The tape is also ordered topologically, so that a reverse pass of the nodes evaluates all children nodes before their parent.

### The design in practice

In practice, `Node`

and `Expression`

are exactly `Nonlinear.Node`

and `Nonlinear.Expression`

. However, `Nonlinear.NodeType`

has more fields to account for comparison operators such as `:>=`

and `:<=`

, logic operators such as `:&&`

and `:||`

, nonlinear parameters, and nested subexpressions.

Moreover, instead of storing the operators as global constants, they are stored in `Nonlinear.OperatorRegistry`

, and it also stores a vector of logic operators and a vector of comparison operators. In addition to `Nonlinear.DEFAULT_UNIVARIATE_OPERATORS`

and `Nonlinear.DEFAULT_MULTIVARIATE_OPERATORS`

, you can register user-defined functions using `Nonlinear.register_operator`

.

`Nonlinear.Model`

is a struct that stores the `Nonlinear.OperatorRegistry`

, as well as a list of parameters and subexpressions in the model.

## ReverseAD

`Nonlinear.ReverseAD`

is a submodule for computing derivatives of a nonlinear optimization problem using sparse reverse-mode automatic differentiation (AD).

This section does not attempt to explain how sparse reverse-mode AD works, but instead explains why MOI contains its own implementation, and highlights notable differences from similar packages.

Don't use the API in `ReverseAD`

to compute derivatives. Instead, create a `Nonlinear.Evaluator`

object with `Nonlinear.SparseReverseMode`

as the backend, and then query the MOI API methods.

### Design goals

The JuliaDiff organization maintains a list of packages for doing AD in Julia. At last count, there were at least ten packages–-not including `ReverseAD`

-–for reverse-mode AD in Julia. `ReverseAD`

exists because it has a different set of design goals.

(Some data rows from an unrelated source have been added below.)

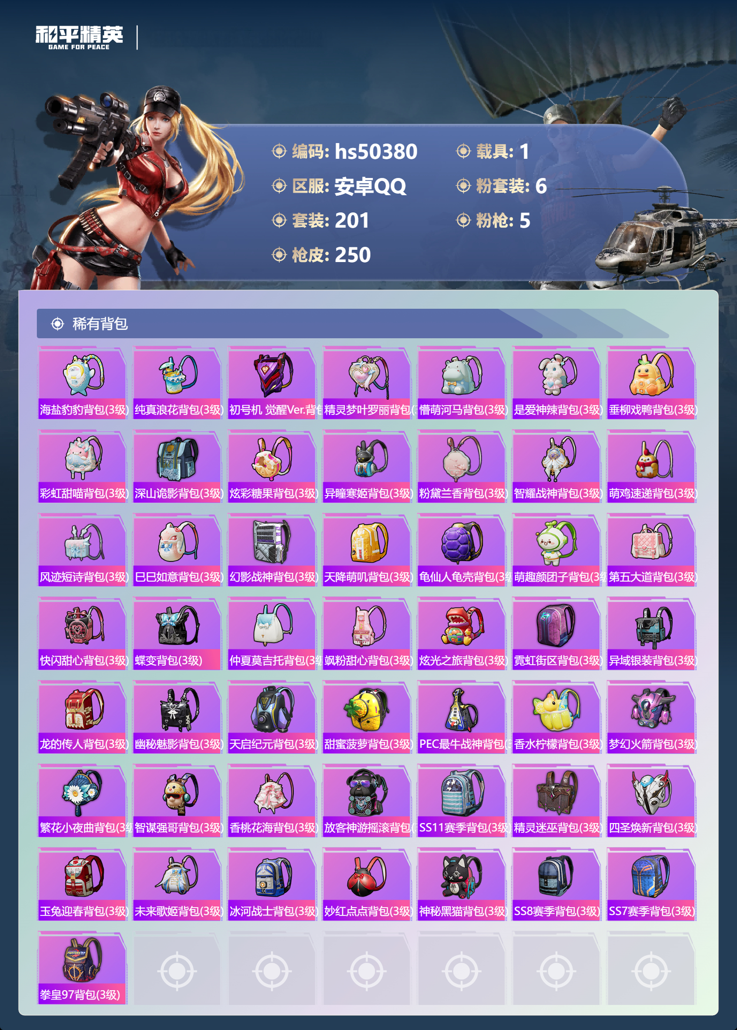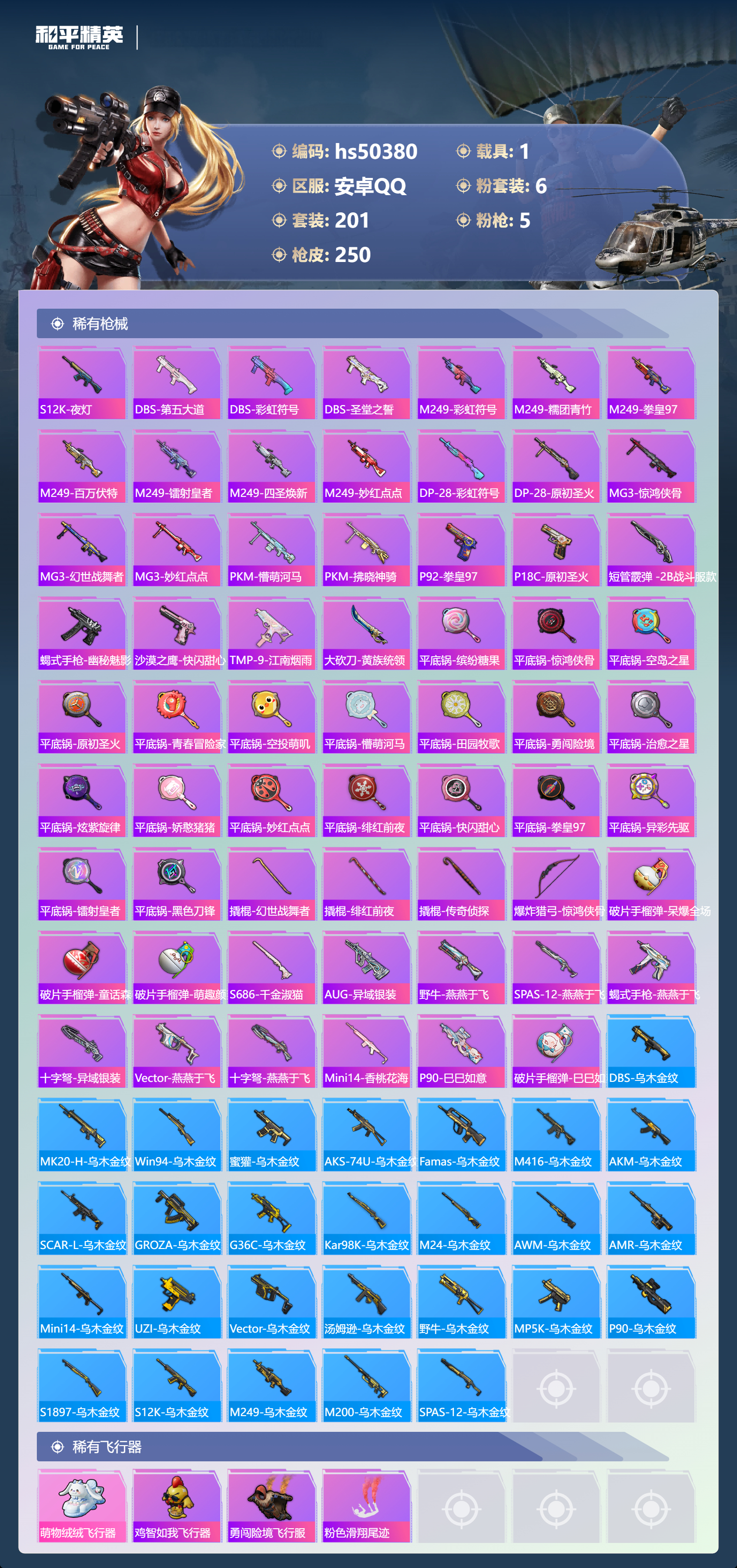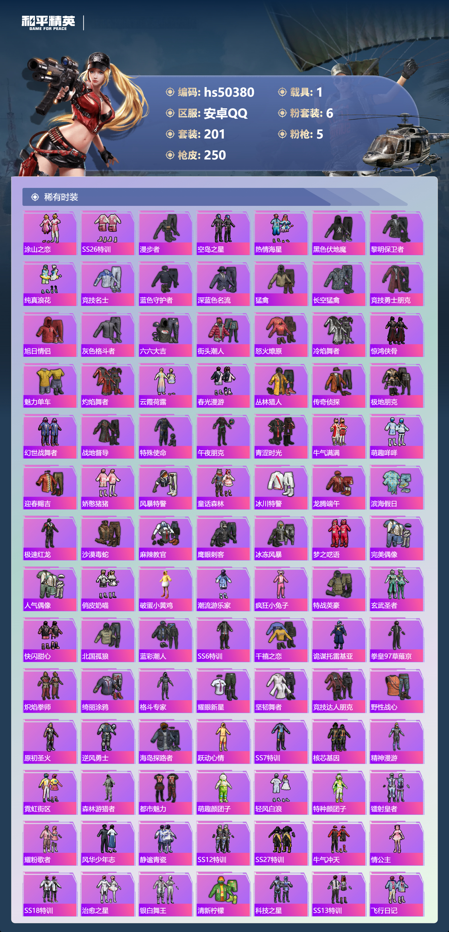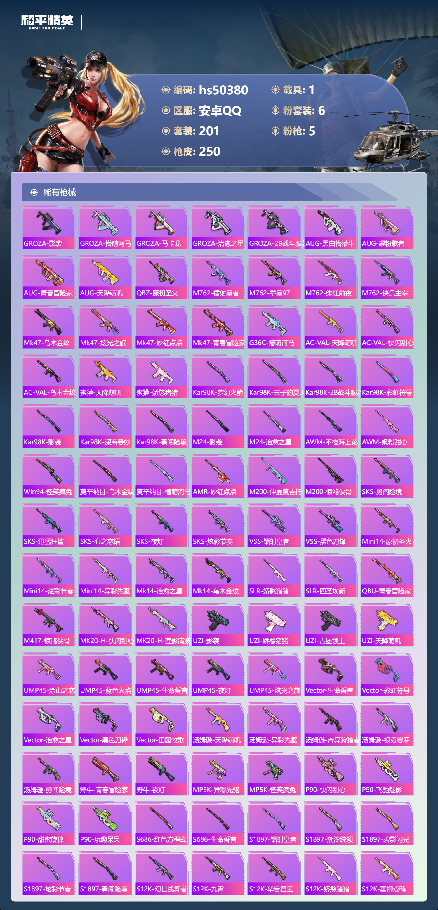 安卓手q-12王牌印记-6粉装-5特效呛-1载具-79182热力值-201套装-250呛皮-2卓越印记-1传奇印记【6粉装】角色-千金淑猫套装-飒粉甜心套装-蜜语绒猫套装-香水柠檬套装-新星烈龙角色-异瞳寒姬【5特效呛】dp-28-豹影疾电/5级kar98k-巳巳如意/5级ump45-量子极限/5级amr-智耀战神/7级m416-五爪金龙/7级【6稀有紫装】mark.06浪漫天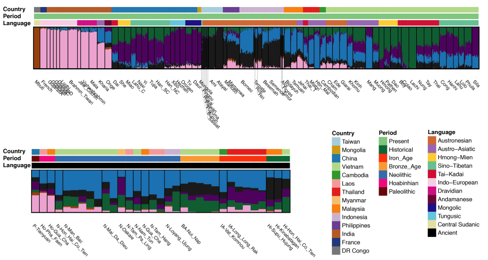 [15] Lipson M, Cheronet O, Mallick S, Rohland N, Oxenham M, Pietrusewsky M, Pryce TO, Willis A, Matsumura H, Buckley H, Domett K, Nguyen GH, Trinh HH, Kyaw AA, Win TT, Pradier B, Broomandkhoshbacht N, Candilio F, Changmai P, Fernandes D, Ferry M, Gamarra B, Harney E, Kampuansai J, Kutanan W, Michel M, Novak M, Oppenheimer J, Sirak K, Stewardson K, Zhang Z, Flegontov P, Pinhasi R, Reich D. Ancient genomes document multiple waves of migration in Southeast Asian prehistory. Science. 2018 Jul 6;361(6397):92-95. doi: 10.1126/science.aat3188. Epub 2018 May 17. PMID: 29773666; PMCID: PMC6476732.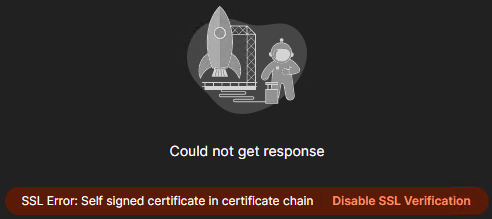 Depending on your Aria Automation environment, you may not have an internally signed SSL certificate bound to the application. If this is the case, Postman may return an error, “SSL Error: Self signed certificate in certificate chain“. If this is expected or acceptable for you, then simply click on the “Disable SSL Verification” link to proceed. This is a potential security risk, so exercise your own discretion to determine if this is acceptable. Given that I am running a lab environment, I have no concerns with bypassing SSL Verification and will click on the link to proceed.

**Goal: handle scale and sparsity.**The types of nonlinear optimization problems that MOI represents can be large scale (10^5 or more functions across 10^5 or more variables) with very sparse derivatives. The ability to compute a sparse Hessian matrix is essential. To the best of our knowledge,`ReverseAD`

is the only reverse-mode AD system in Julia that handles sparsity by default.**Goal: limit the scope to improve robustness.**Most other AD packages accept arbitrary Julia functions as input and then trace an expression graph using operator overloading. This means they must deal (or detect and ignore) with control flow, I/O, and other vagaries of Julia. In contrast,`ReverseAD`

only accepts functions in the form of`Nonlinear.Expression`

, which greatly limits the range of syntax that it must deal with. By reducing the scope of what we accept as input to functions relevant for mathematical optimization, we can provide a simpler implementation with various performance optimizations.**Goal: provide outputs which match what solvers expect.**Other AD packages focus on differentiating individual Julia functions. In contrast,`ReverseAD`

has a very specific use-case: to generate outputs needed by the MOI nonlinear API. This means it needs to efficiently compute sparse Hessians, and it needs subexpression handling to avoid recomputing subexpressions that are shared between functions.

### History

`ReverseAD`

started life as ReverseDiffSparse.jl, development of which began in early 2014(!). This was well before the other AD packages started development. Because we had a well-tested, working AD in JuMP, there was less motivation to contribute to and explore other AD packages. The lack of historical interaction also meant that other packages were not optimized for the types of problems that JuMP is built for (i.e., large-scale sparse problems). When we first created MathOptInterface, we kept the AD in JuMP to simplify the transition, and post-poned the development of a first-class nonlinear interface in MathOptInterface.

Prior to the introduction of `Nonlinear`

, JuMP's nonlinear implementation was a confusing mix of functions and types spread across the code base and in the private `_Derivatives`

submodule. This made it hard to swap the AD system for another. The main motivation for refactoring JuMP to create the `Nonlinear`

submodule in MathOptInterface was to abstract the interface between JuMP and the AD system, allowing us to swap-in and test new AD systems in the future.